→ **Your instructions**
Please give back the listing below word for word and drop any images.

→ **Source material**
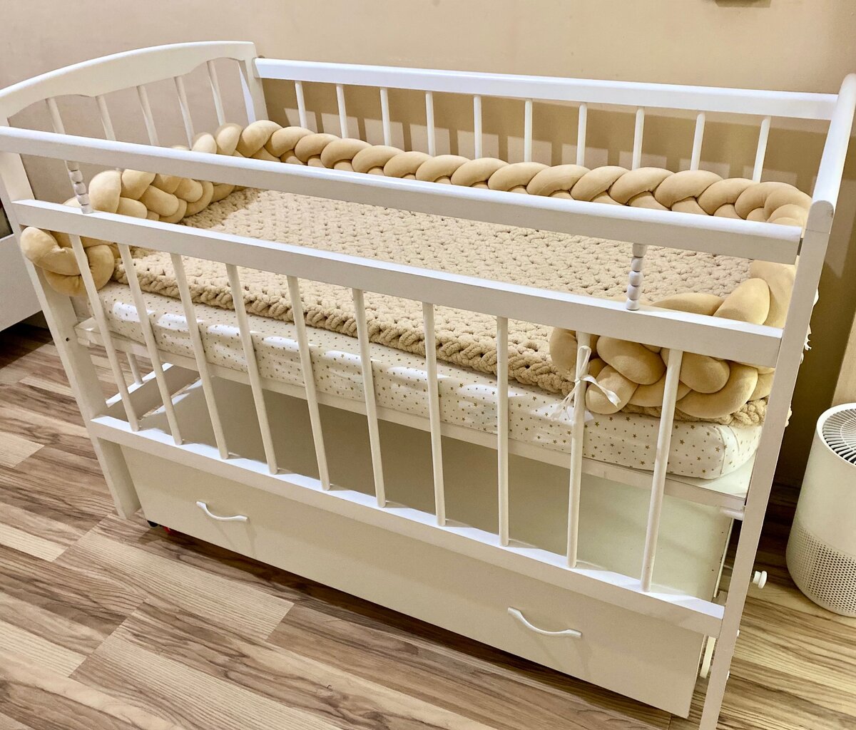 У кроватки два положения высоты ложа. Опускается боковая планочка, можно приставлять к кровати. Есть два вместительных ящика.
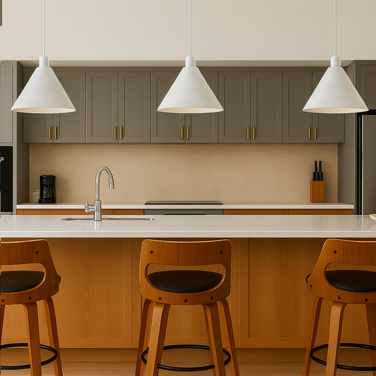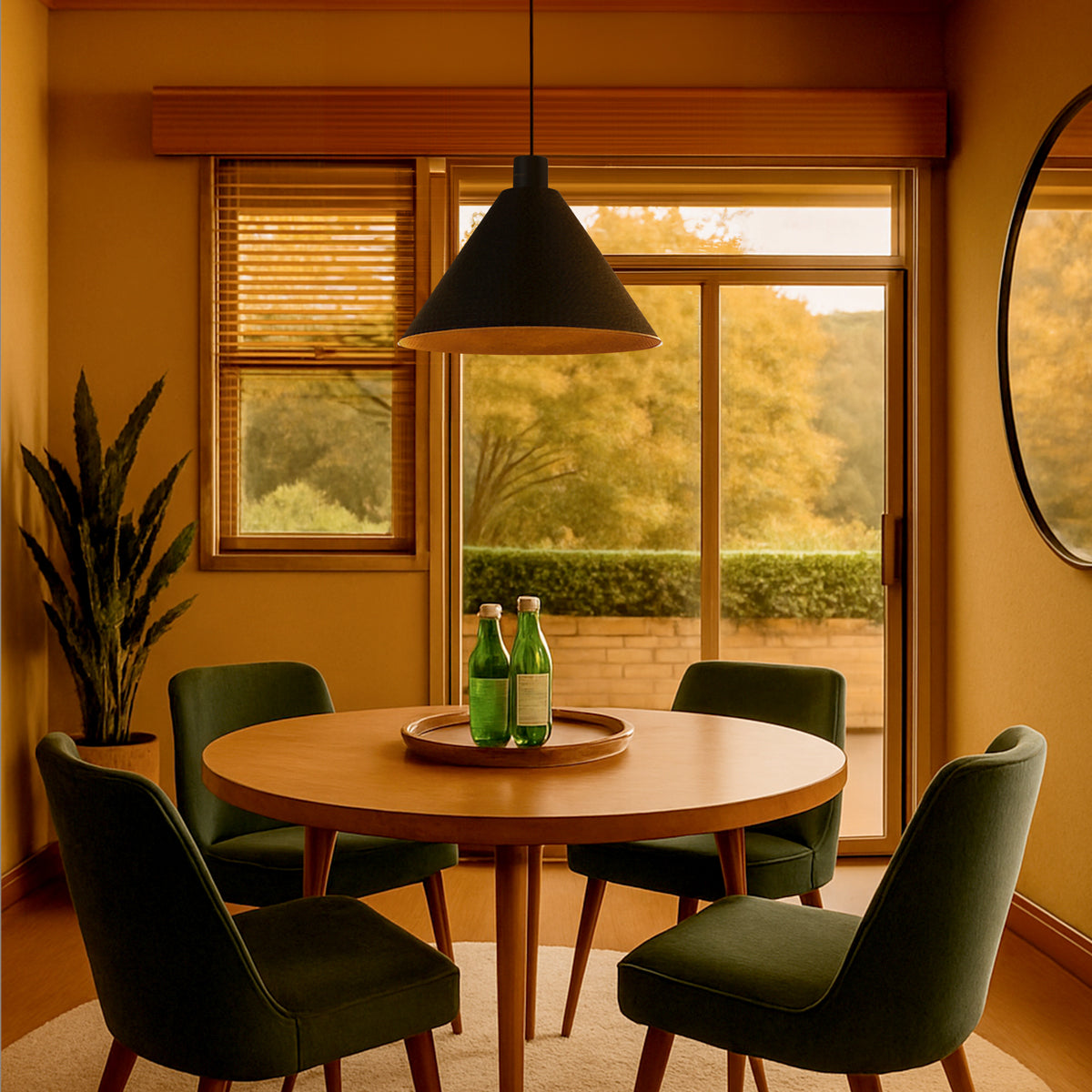 The Kestra pendant features a conical shape with a subtly textured iron surface, adding a sophisticated touch to any room. Its minimalist design and versatile colourways make it suitable for various interior styles. Available in two sizes.
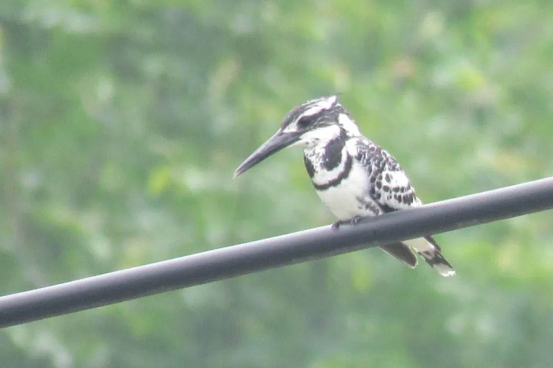 除了樹林、灌叢和草地,植物園內(nèi)的兩個小湖也是多種鳥類的棲息地,各種翠鳥和水鳥可在這里見到。其中,黑白相間的斑魚狗以其高超的飛行技巧而著稱,它們常在湖面上空盤旋甚至進行空中懸停以偵察下方的獵物,一旦鎖定目標便會迅速俯沖入水捕食魚類。此外,白胸翡翠和較為罕見的藍翡翠也可見于這些湖泊周圍,它們會停息在湖邊的樹枝或電線上,伺機捕捉魚類或其他小動物。兩種翡翠的食譜非常廣泛,有記錄顯示白胸翡翠甚至會捕食其他小鳥。斑魚狗 (Ceryle rudis)
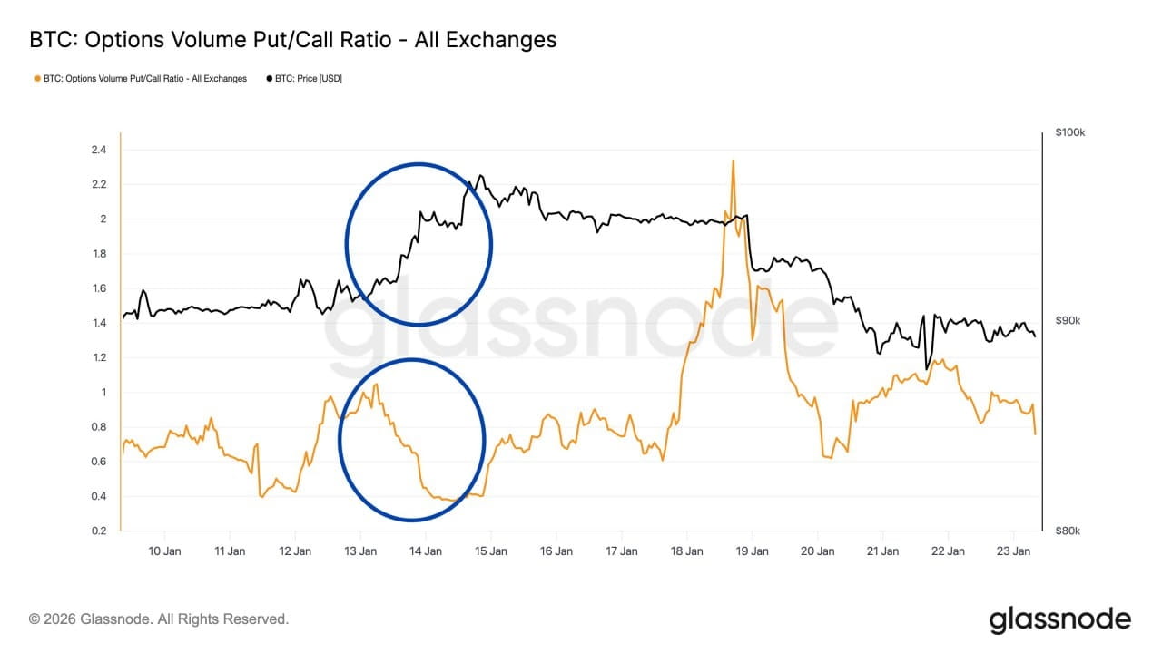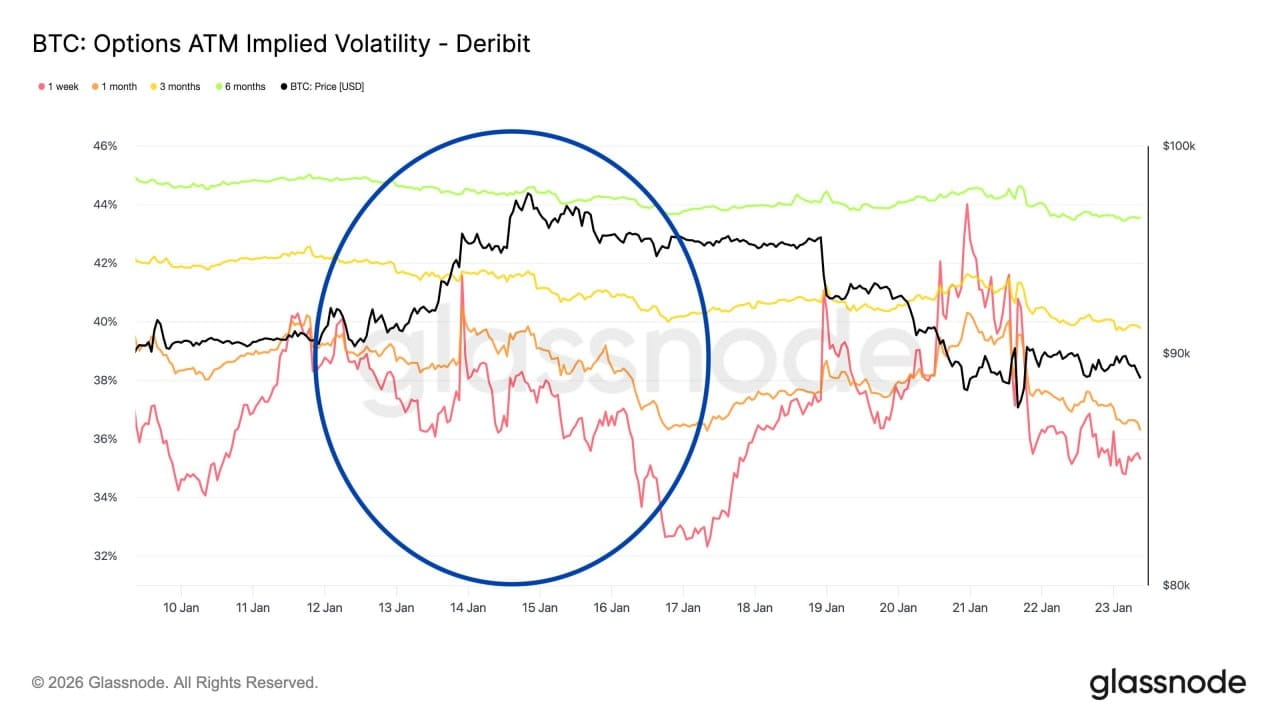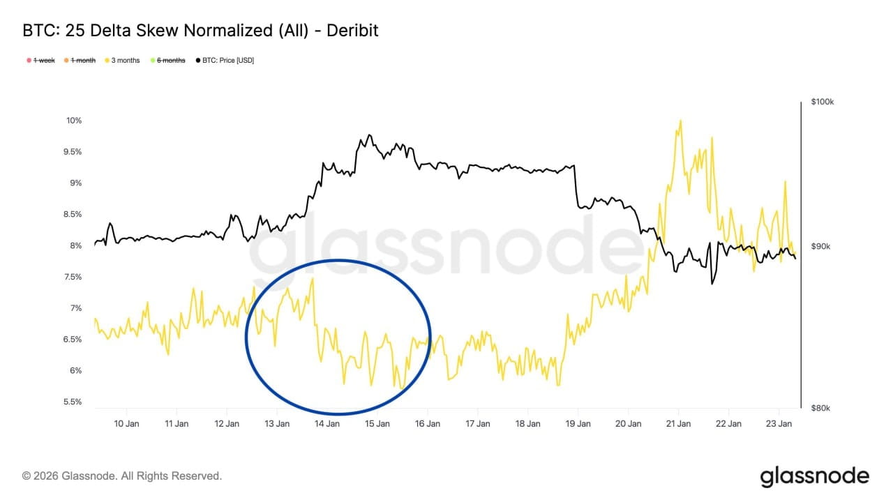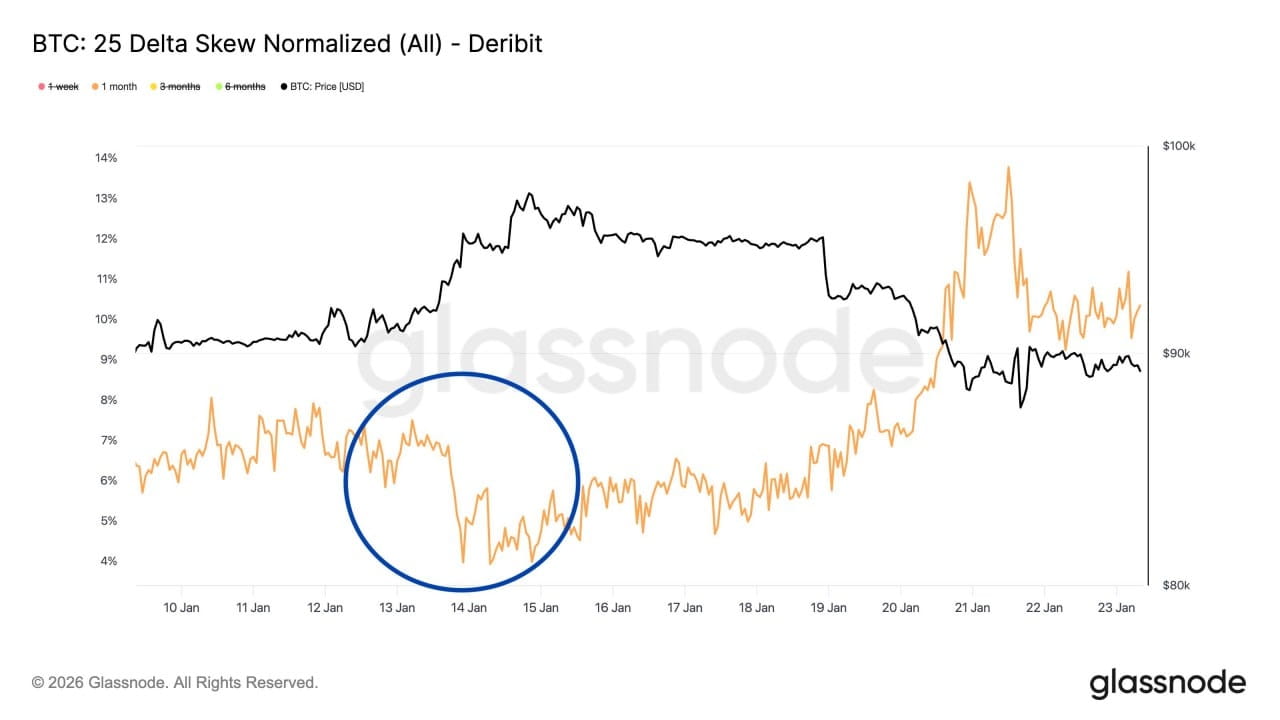 Analytici #Glassnode píší, že v polovině ledna BTC za pár dní přidal přibližně +8 %, a podle opcí to vypadalo jako rychlý obrat nálad. Krátkodobí obchodníci začali aktivně sázet na růst, ale u delších termínů zůstali účastníci trhu opatrní. To znamená, že v následujících dnech lidé kupovali "sázky na růst", i když na horizontu měsíce a čtvrtletí pojistka proti poklesu nikam nezmizela.

→ **Response to this exercise**
 У кроватки два положения высоты ложа. Опускается боковая планочка, можно приставлять к кровати. Есть два вместительных ящика.
 The Kestra pendant features a conical shape with a subtly textured iron surface, adding a sophisticated touch to any room. Its minimalist design and versatile colourways make it suitable for various interior styles. Available in two sizes.
 除了樹林、灌叢和草地,植物園內(nèi)的兩個小湖也是多種鳥類的棲息地,各種翠鳥和水鳥可在這里見到。其中,黑白相間的斑魚狗以其高超的飛行技巧而著稱,它們常在湖面上空盤旋甚至進行空中懸停以偵察下方的獵物,一旦鎖定目標便會迅速俯沖入水捕食魚類。此外,白胸翡翠和較為罕見的藍翡翠也可見于這些湖泊周圍,它們會停息在湖邊的樹枝或電線上,伺機捕捉魚類或其他小動物。兩種翡翠的食譜非常廣泛,有記錄顯示白胸翡翠甚至會捕食其他小鳥。斑魚狗 (Ceryle rudis)
 Analytici #Glassnode píší, že v polovině ledna BTC za pár dní přidal přibližně +8 %, a podle opcí to vypadalo jako rychlý obrat nálad. Krátkodobí obchodníci začali aktivně sázet na růst, ale u delších termínů zůstali účastníci trhu opatrní. To znamená, že v následujících dnech lidé kupovali "sázky na růst", i když na horizontu měsíce a čtvrtletí pojistka proti poklesu nikam nezmizela.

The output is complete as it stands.